The absolute name of a file starts at the root of the directory tree, and gives the name of all intermediary directories leading up to the file, for example:
```
   /usr/local/bin/tcsh
   /bin/sh
   /home/staff/wkt
   /var/spool/mqueue/xxx.012643
```
Incidentally, you can't tell if any of the above names are the name of a file or a directory: there is essentially no difference between a file and a directory in Unix.
The relative name of a file starts at the current working directory. You can use the command pwd to see the current working directory. If you need to go toward the root of the directory with a relative name, you can use the expression .. to move up one level. The .. shorthand can be used within filenames.
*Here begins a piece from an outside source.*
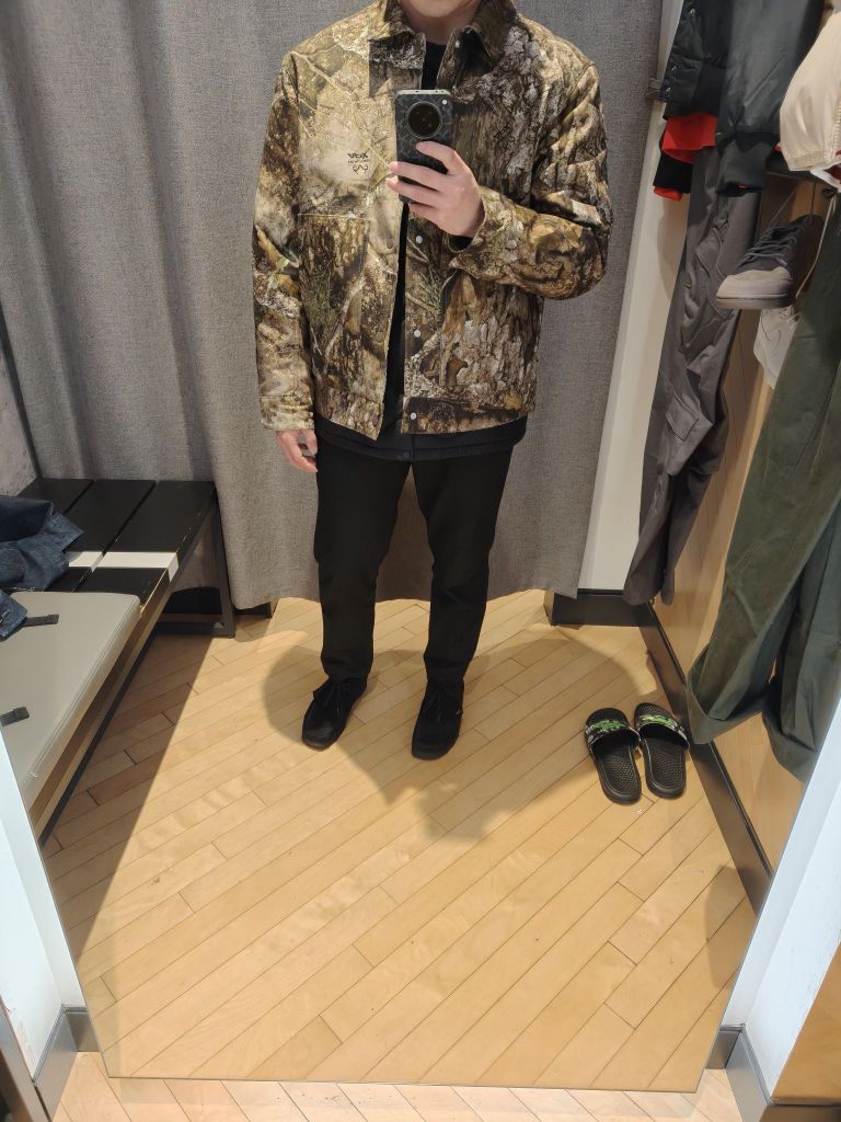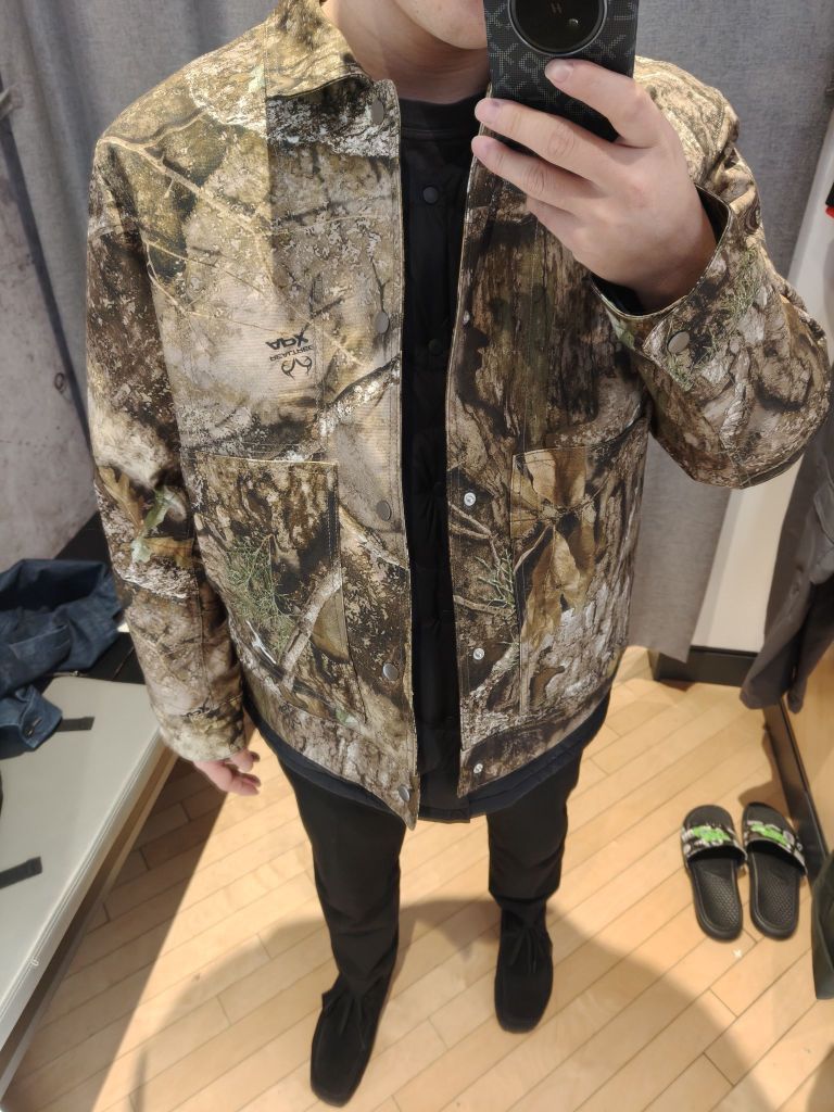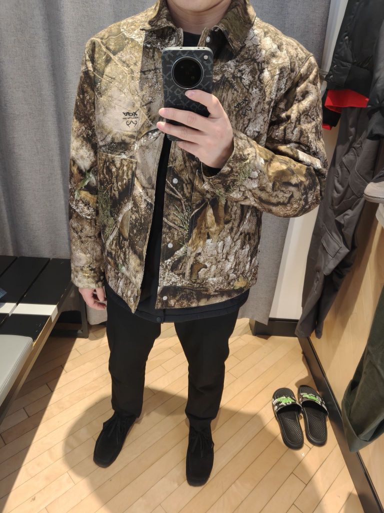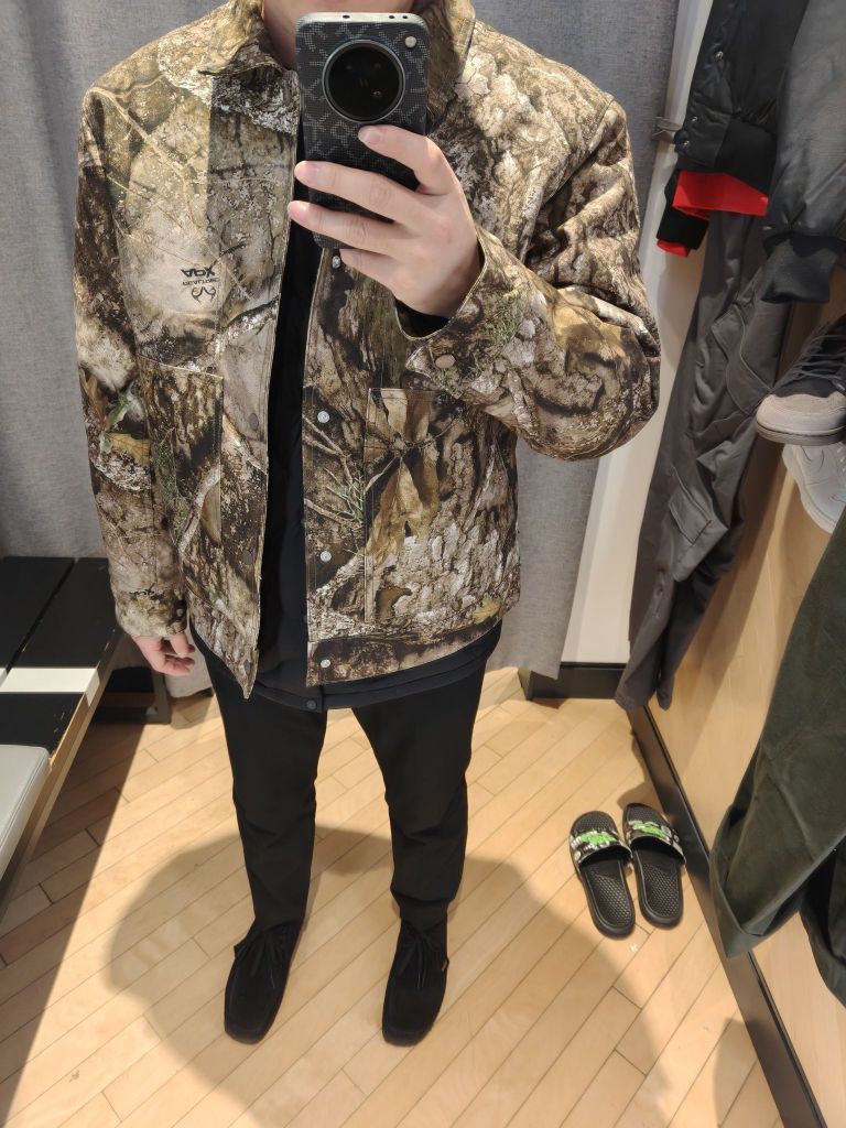 🦆橄榄迷彩太戳我! - 实物比图片还惊艳!橄榄绿+卡其迷彩印花,远看是低调的军风感,近看细节满满,树叶纹理清晰到像把森林穿在身上🌿 - 单排扣翻领设计,比连帽款更显利落,随便搭件黑T都有王嘉尔内味儿~ ✨细节控狂喜 - 袖口有隐藏式按扣,冷风钻不进去;胸前小logo刺绣低调又精致,不是满大街的大标款 - 长度到胯部,小个子也能驾驭,配束脚裤显腿长,搭直筒裤就是慵懒潮人范儿 💡真实试穿感受 上周降温...

Some examples of relative filenames could be:
```
   Documents/myfile.txt
   Mail/mary
   ../../staff/wkt/hello.txt
   tests/../here.doc
```
Note that the last filename is silly: we go down into the tests directory and then back up again. Unix allows this sillyness.

1.2 Activity

Imagine that you are user mary, and when you log in your working directory is /home/student/mary. Your home directory looks like:

   drwxr-xr-x  2 mary  student     512 Apr 24 14:41 Mail
   -rw-------  1 mary  student     423 Apr 20 12:20 diary
   -rw-r--r--  1 mary  student   25931 Apr 20 15:50 notes
   -rw-rw-r--  1 mary  student  201486 Apr 20 15:50 things_todo

What are the relative and absolute names for these four files/directories? If you now cd into the Mail directory, you find the files:

   -r--------   1 mary      student       4387 Apr 11 11:20 Andrea
   -rw-r-----   1 mary      student        161 Apr 11 11:02 Bill
   -rw-r-----   1 mary      student        401 Apr 17 13:00 Karen
   -rw-r-----   1 mary      student       2324 Apr 17 12:59 Loren
   -rwxr-x---   1 mary      student     132412 Apr 17 12:59 Mick
   -rw-r-----   1 mary      student       1641 Apr 11 11:56 Steven
   -rw-r-----   1 mary      student       4528 Apr 17 12:54 Vicki

Give an absolute and relative way of viewing the file Andrea? Hint: the less command allows you to view files. Do the same for the file things_todo, without moving out of the Mail directory.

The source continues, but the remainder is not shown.